Age-specific death rates for U.S. black and white women ages 50–84: 2000

Notes: Age-specific death rates for 5-year age groups used to estimate RMI. Death rates are graphed on a logarithmic scale to demonstrate near linear mortality increase. Death rates for blacks and whites converge at older ages. The pattern is very similar for men.

Source: Author’s calculations from Multiple Cause-of-Death public-use files available from the National Center for Health Statistics.

Table 2 shows RMI by race, sex, and cause of death. All-cause RMI is significantly higher for whites than for blacks. There is substantial variability in RMI by cause of death. The highest RMIs are seen for influenza and pneumonia, stroke, chronic lower respiratory diseases, and reproductive cancers (among men). The lowest RMIs occur for cancers, primarily lung cancer for men (RMI = 6 – 8%), and breast and reproductive cancers for women (3 – 5%). For all groups, there is also a notable opposition in RMI between cancers and cardiovascular diseases. Cancer mortality appears to increase at a rate below the all-cause average, while other causes of death, particularly ischemic heart disease and stroke (RMI > 12% among whites), increase faster than the average. It is important to emphasize that RMI for whites exceeds that for blacks for each cause of death considered here except reproductive cancers among women. There is some variation in the size of the black-white difference by cause of death, but the pattern is tremendously consistent. The largest differences occur for stroke, chronic lower respiratory disease, and other heart diseases, each with greater than three percentage-point gaps.

Table 2.

Cause-specific RMI by sex for blacks and whites: 2000

	Yearly rate of increase between ages 50 and 84
	Men		Women
	Black	White	Black	White
All Causes	7.3%	9.3%	7.9%	9.8%
(1) Ischemic Heart Disease	7.9%	9.3%	9.6%	12.0%
(2) Lung Cancer	6.2%	7.8%	5.4%	6.7%
(3) Stroke	8.7%	12.3%	9.4%	12.6%
(4) Chronic Lower Respiratory Disease	10.5%	13.2%	8.0%	11.7%
(5) Breast Cancer	--	--	2.8%	4.2%
(6) Diabetes Mellitus	7.2%	8.5%	8.0%	8.8%
(7) Colorectal Cancer	7.5%	8.4%	7.4%	8.4%
(8) Reproductive Cancers	15.2%	15.9%	5.5%	5.2%
(9) Influenza and Pneumonia	9.9%	13.0%	10.6%	12.8%
(10) Other Cancers	5.8%	7.4%	6.9%	7.7%
(11) Other heart diseases	6.6%	9.6%	8.0%	11.2%
All residual causes	5.4%	7.5%	7.0%	8.8%
Black/white difference	1.96%		1.96%

Note: Denotes the percentage increase in the death rate from specified causes for each additional year of age between ages 50 and 84. Estimated using the regression model in Equation 1.
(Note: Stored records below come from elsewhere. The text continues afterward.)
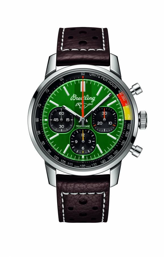 تنفرد ستينيات القرن الماضي بكونها فترة زاخرة بالتجارب، والمرح، والحرية، والطاقة. سواء كان الناس يتجولون على دراجة نارية، أو يقودون سيارة رياضية، فلا بد من عيش الحياة إلى أقصاها. وقد شعر ويلي بريتلينغ بسرعة الوتيرة السائدة آنذاك فقرّر تصميم كرونوغراف غير تقليدي يحاكي حيوية العصر، وأطلق عليه اسم توب تايم Top Time. ولا يزال هذا التقليد المفعم بالحيوية مستمراً حتى اليوم. بالفعل، تتعاون علامة بريتلينغ Breitling مع بعض من أروع وأبرز الأسماء في مجال صناعة السيارات لابتكار تصاميم توب تايم Top Time المتميّزة لديها. وأصبح الجيل الأول من طراز فورد موستانغ، الذي تم إنتاجه في الفترة ما بين 1964 و1974، السيارة المفضّلة لدى الجميع في أميركا خلال ستينيات القرن العشرين. وعلى الرغم من الاستمرار في صناعة هذه الأسطورة الحية حتى اليوم، يعرف عشاق السيارات أن أروعها على الإطلاق كانت تلك الطرازات الأولى التي عكست روح التحرر في الستينيات. وتتوافر ساعة توب تايم B21 فورد موستانغ Top Time B21 Ford Mustang بألوان هذه السيارة الكلاسيكية، وتتميز بسوار جلدي مثقوب، بالإضافة إلى مقياس للسرعة وموانئ ثانوية تتزيّن بألوان متباينة وشكل شبه دائري يعيد إلى الذاكرة وحدات القياس في لوحة القيادة الكلاسيكية.
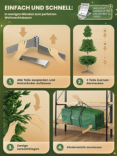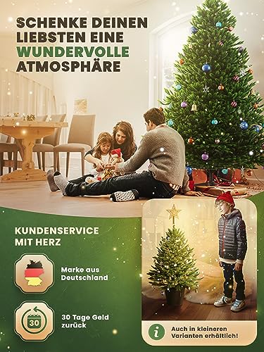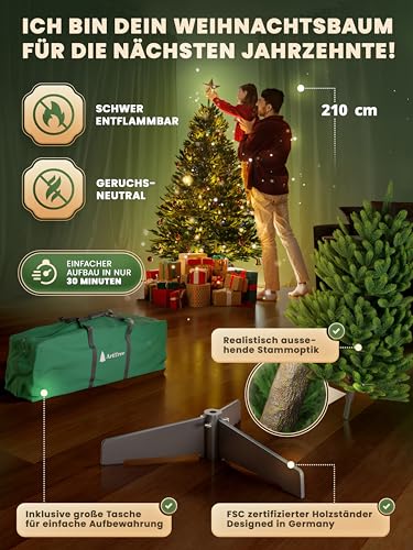 Fiable et stable : notre sapin de Noël est sûr et stable, grâce à son design allemand. Le sapin de Noël est fabriqué à partir de matériaux ignifuges, il est sans danger pour les chats et garantit ainsi une période de Noël harmonieuse pour les animaux domestiques et la famille. Votre artificiel a été soigneusement testé.
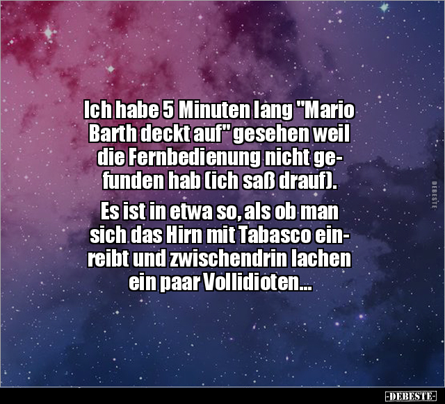 Ich habe 5 Minuten lang "Mario Barth deckt auf" gesehen weil die Fernbedienung nicht ge- funden hab (ich saß drauf). Es ist in etwa so, als ob man sich das Hirn mit Tabasco ein- reibt und zwischendrin lachen ein paar Vollidioten...
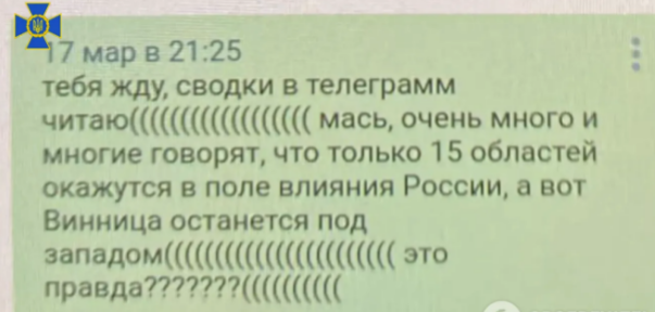 Як повідомляє управління Служби безпеки у Вінницькій області, фігурантка давно познайомилася й підтримувала контакт із бойовиком терористичної «ДНР» Андрієм. Вона хвалила армію РФ і журилася, що Вінниця в підсумку війни «може залишитися під впливом Заходу».
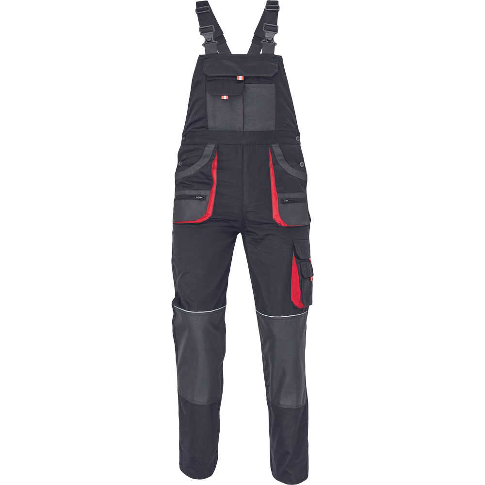 pánské bavlněné pracovní kalhoty s laclem; 7 funkčních kapes; oboustranné zapínání v pase na knoflíky; polyester Oxford zesílení v kolenních částech s možností vkládání ochranných nákoleníků; nastavitelná délka nohavic.
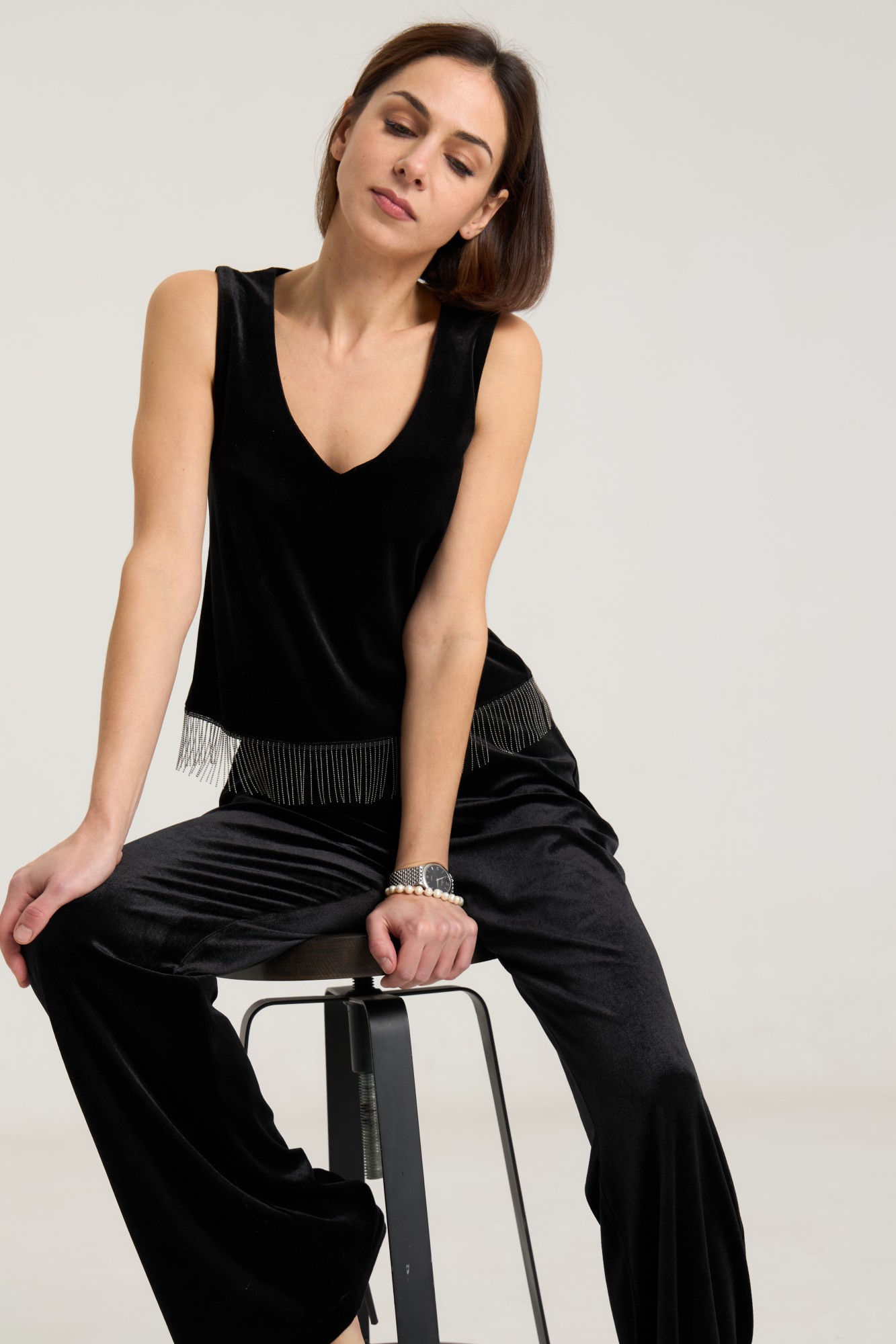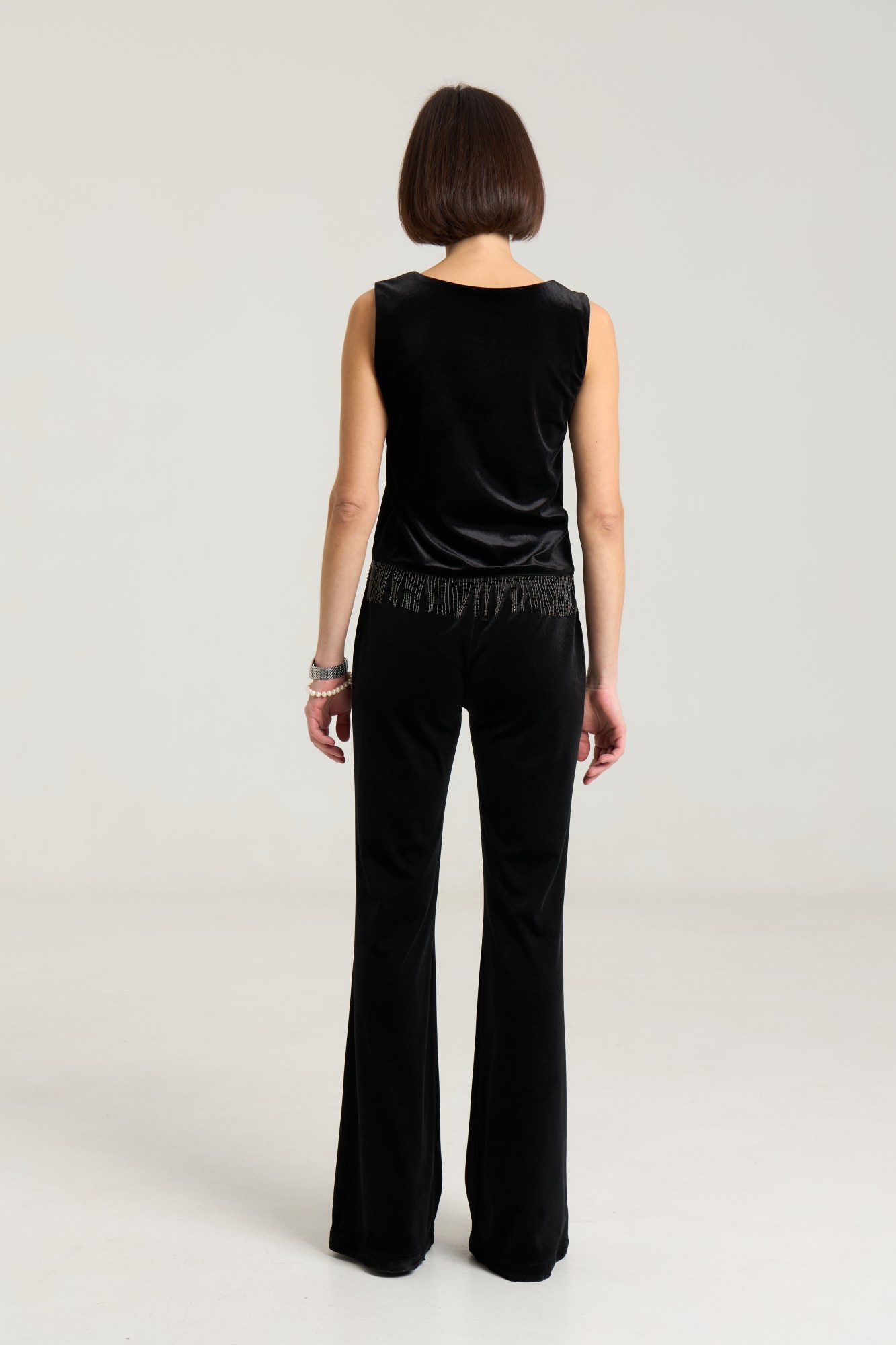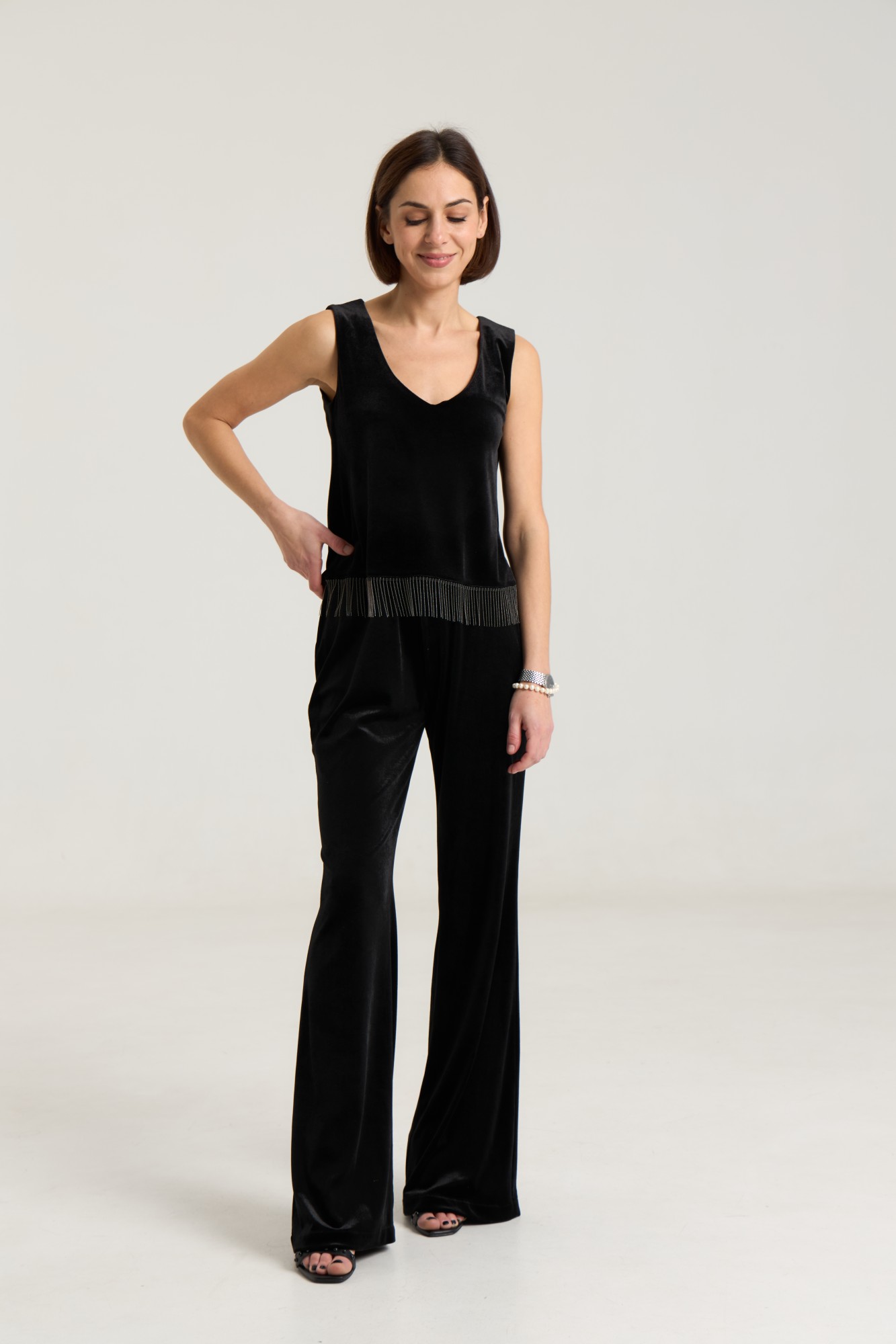 Комплект из топа и брюк. Брюки расклешенные свободного кроя из велюровой ткани - это не только модель для праздника. Топ свободного кроя выполнен из велюровой ткани черного цвета, на обтачке по переду и спинке, с углубленным вырезом.
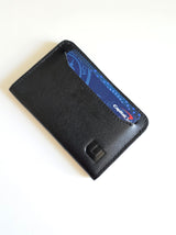 Holds up to 8 cards and folded cash.
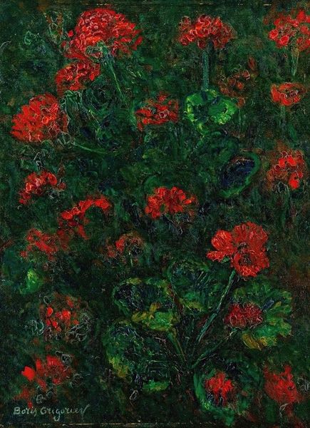 Gustave Caillebotte made this painting of chrysanthemums in his garden using oil paint on canvas. Look closely, and you'll see the flowers aren't just depicted, they're almost built up from the material of the paint itself. Oil paint's inherent qualities of viscosity and sheen allowed Caillebotte to apply thick, textured strokes, creating a tactile surface that mimics the fullness of the blossoms. This method, very characteristic of impressionism, speaks to the labor involved, each stroke representing a deliberate action. However, it's important to remember the social context. Caillebotte came from a wealthy family, so the production process here is distinct from artists working with less access to resource. While the painting conveys a sense of natural abundance, it also reflects the artist's privileged position, and the economic system that supported his artistic pursuits. Thinking about materials, making, and context helps us understand the full meaning of Caillebotte's art.
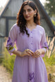 Lavender-Colored printed kurta, has round neck, three-quarter sleeves, side slits & slip-on closure
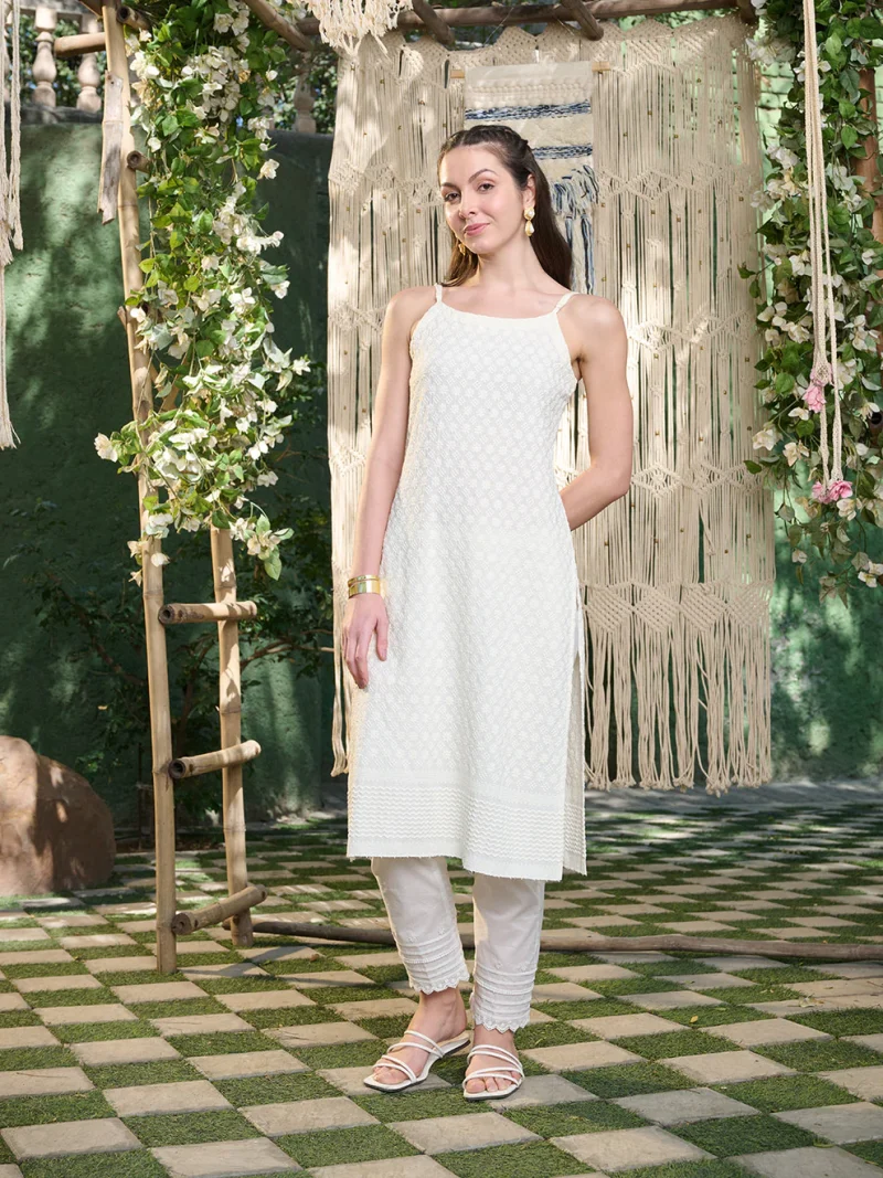 The sleeveless design allows air to flow with ease. Viscose rayon feels light even during long hours outside. As a result, this kurta suits beachside lunches and city strolls. The knee length also keeps the look relaxed and practical.
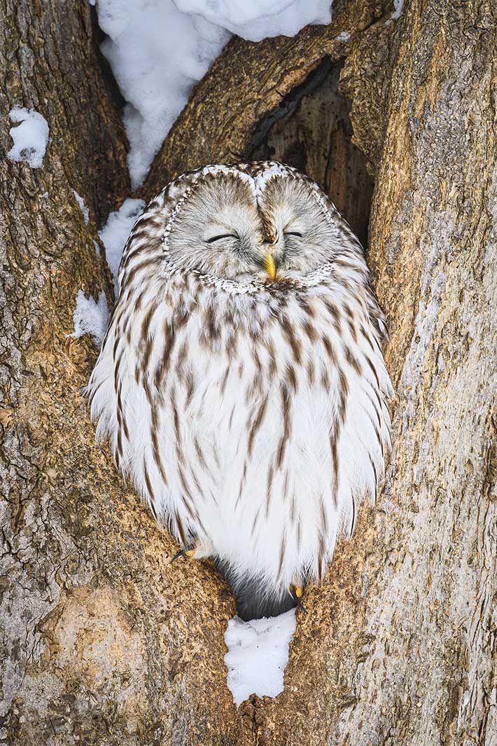 このエゾフクロウを初めて見た時は、あまりにも気持ちよさそうな顔で眠っているその姿、かわいさに私も思わずにやけてしまいました。
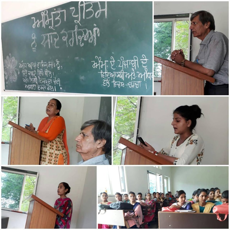 Uncategorized ਅੰਮ੍ਰਿਤਾ ਪ੍ਰੀਤਮ ਦੀ ਯਾਦ ਨੂੰ ਸਮਰਪਿਤ ਇੱਕ ਵਿਚਾਰ ਚਰਚਾ By SPN College Mukerian on 14 Sep 2019 • ( Leave a comment ) Share this: Click to share on X (Opens in new window) X Click to share on Facebook (Opens in new window) Facebook Like Loading... Related Categories: Uncategorized
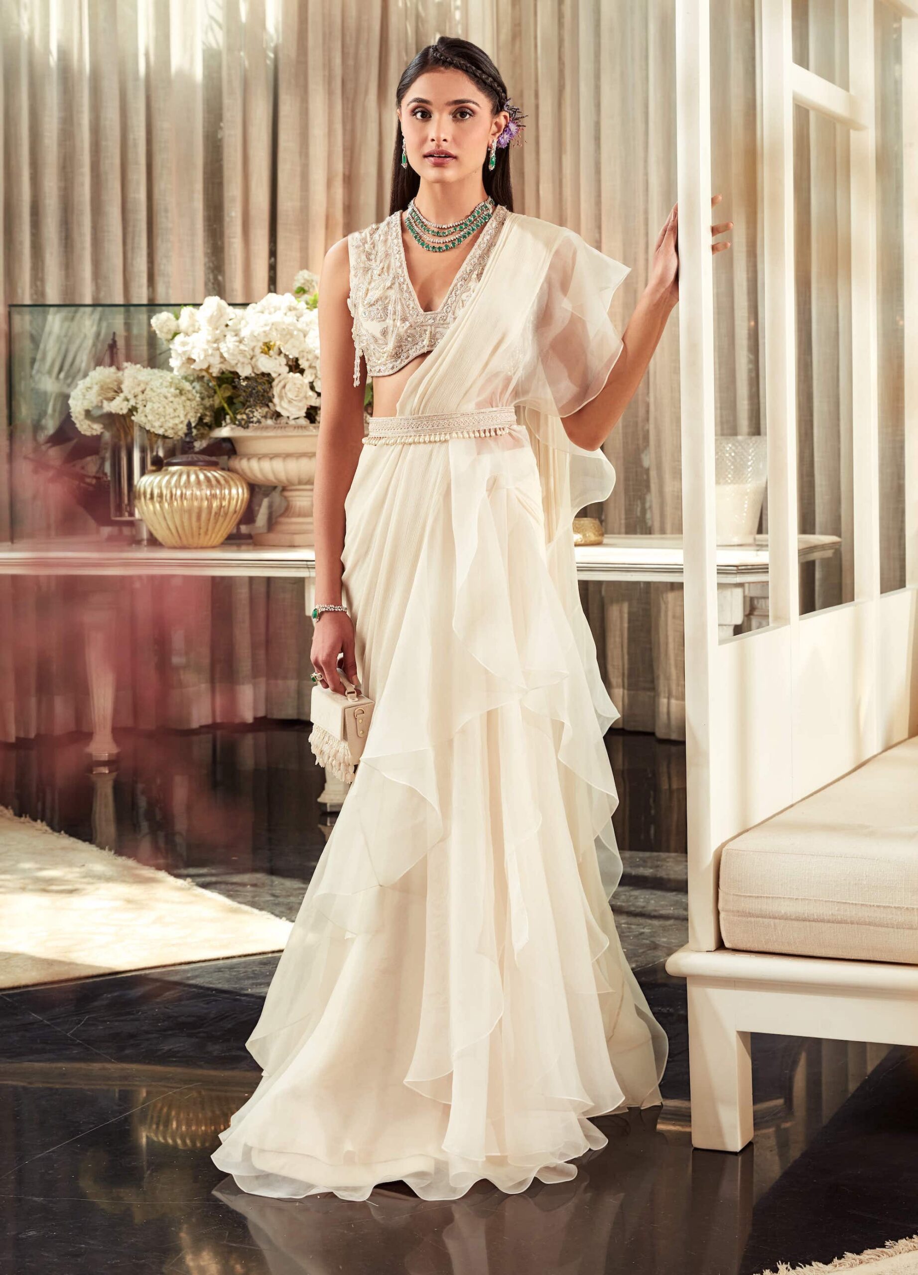 Ivory Draped Saree Set for Women Festive Wear

Source: Author’s Calculations from Multiple Cause of Death files, 2000

Before presenting the results of the decomposition, it is important to note that the high level of similarity of blacks’ and whites’ cause of death distributions indicates only a minor role for the distributions component. The results are shown in Table 3. The slopes component is responsible for 98% of the black-white difference in RMI among men and 96% among women. The results of the decomposition remain informative in that they demonstrate that the few ways in which the cause of death distributions of black and whites differ are not driving the black/white difference in RMI. For example diabetes mellitus mortality is more common among black men and women, a cause of death with relatively low RMI. Whites also exhibit a larger contribution of high-RMI chronic respiratory diseases. Despite this, the overwhelming driver of the black/white RMI gap is consistently lower RMI among blacks for each cause of death.

Table 3.

Decomposition of black-white difference in RMI into slopes and distributions components

	Difference in all-cause RMI	Portion due to slopes component1	Portion due to distributions component2
Black/white difference men	1.96%	1.91% (97.8%)	0.04% (2.2%)
Black/white difference women	1.96%	1.89% (96.1%)	0.07% (3.9%)

Notes: Decomposition component values are calculated using Equation 2. Percent contributions are shown in parentheses.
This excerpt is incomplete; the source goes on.